● **Your assignment**:
Print the data exactly. Pictures stay out.

● **Source material**:
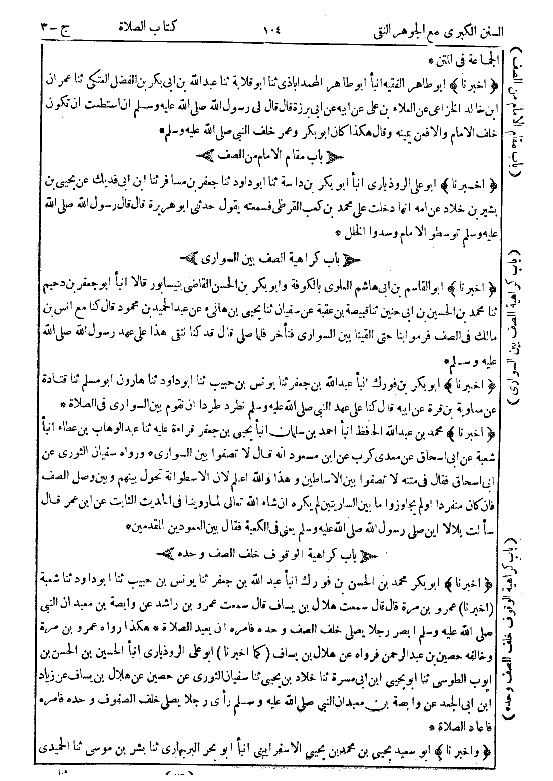 عن معاوية بن قرة عن ابيه قال كنا على عهد النبي صلى الله عليه وسلم نطرد طردا ان نقوم بين السواري في الصلاة *
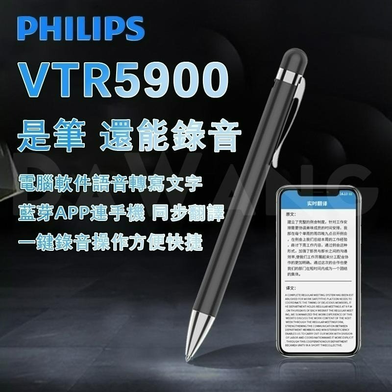 ✨台灣出貨+免運【Philips VTR5900 錄音筆】筆型錄音筆 免費語音轉文字 藍芽錄音筆 一鍵錄音 AI錄音筆
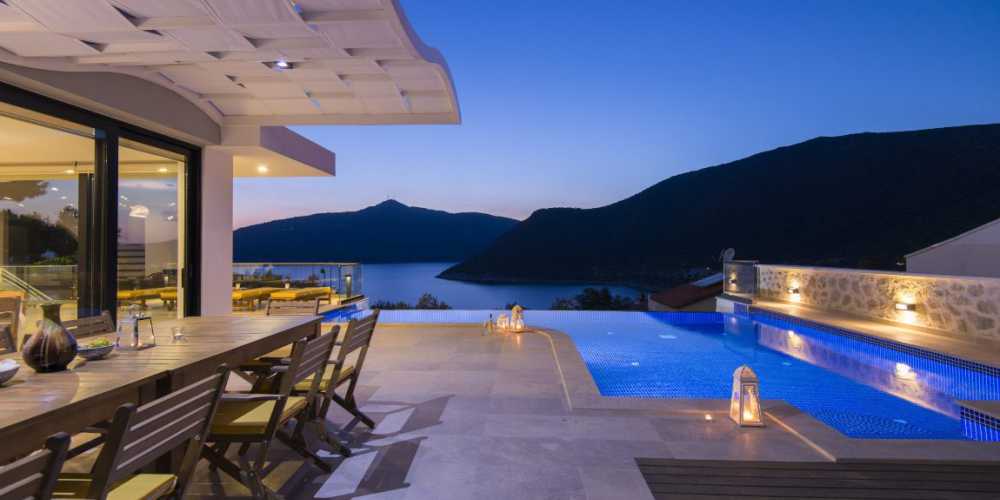 Kalkan merkez deniz manzaralı villa seçenekleri ve sosyal yaşama yakınlığıyla bölgenin en çok tercih edilen lokasyonları arasında yer alır. Geniş kapasitesi manzarası ve merkezi yapısıyla bu lüks villa konforlu ve keyifli bir villa kiralama deneyimi arayan 10 kişilik gruplar için ideal bir tatil alternatifi sunmaktadır.
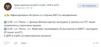 «Зафиксирован обстрел со стороны вооруженных формирований Украины в 12:45 по направлению Пески – Жабичево. Произведено 20 выстрелов из БМП – 1 и выпущено 29 гранат из АГС», – сказано в сообщении.

● **Answer box**:
 عن معاوية بن قرة عن ابيه قال كنا على عهد النبي صلى الله عليه وسلم نطرد طردا ان نقوم بين السواري في الصلاة *
 ✨台灣出貨+免運【Philips VTR5900 錄音筆】筆型錄音筆 免費語音轉文字 藍芽錄音筆 一鍵錄音 AI錄音筆
 Kalkan merkez deniz manzaralı villa seçenekleri ve sosyal yaşama yakınlığıyla bölgenin en çok tercih edilen lokasyonları arasında yer alır. Geniş kapasitesi manzarası ve merkezi yapısıyla bu lüks villa konforlu ve keyifli bir villa kiralama deneyimi arayan 10 kişilik gruplar için ideal bir tatil alternatifi sunmaktadır.
 «Зафиксирован обстрел со стороны вооруженных формирований Украины в 12:45 по направлению Пески – Жабичево. Произведено 20 выстрелов из БМП – 1 и выпущено 29 гранат из АГС», – сказано в сообщении.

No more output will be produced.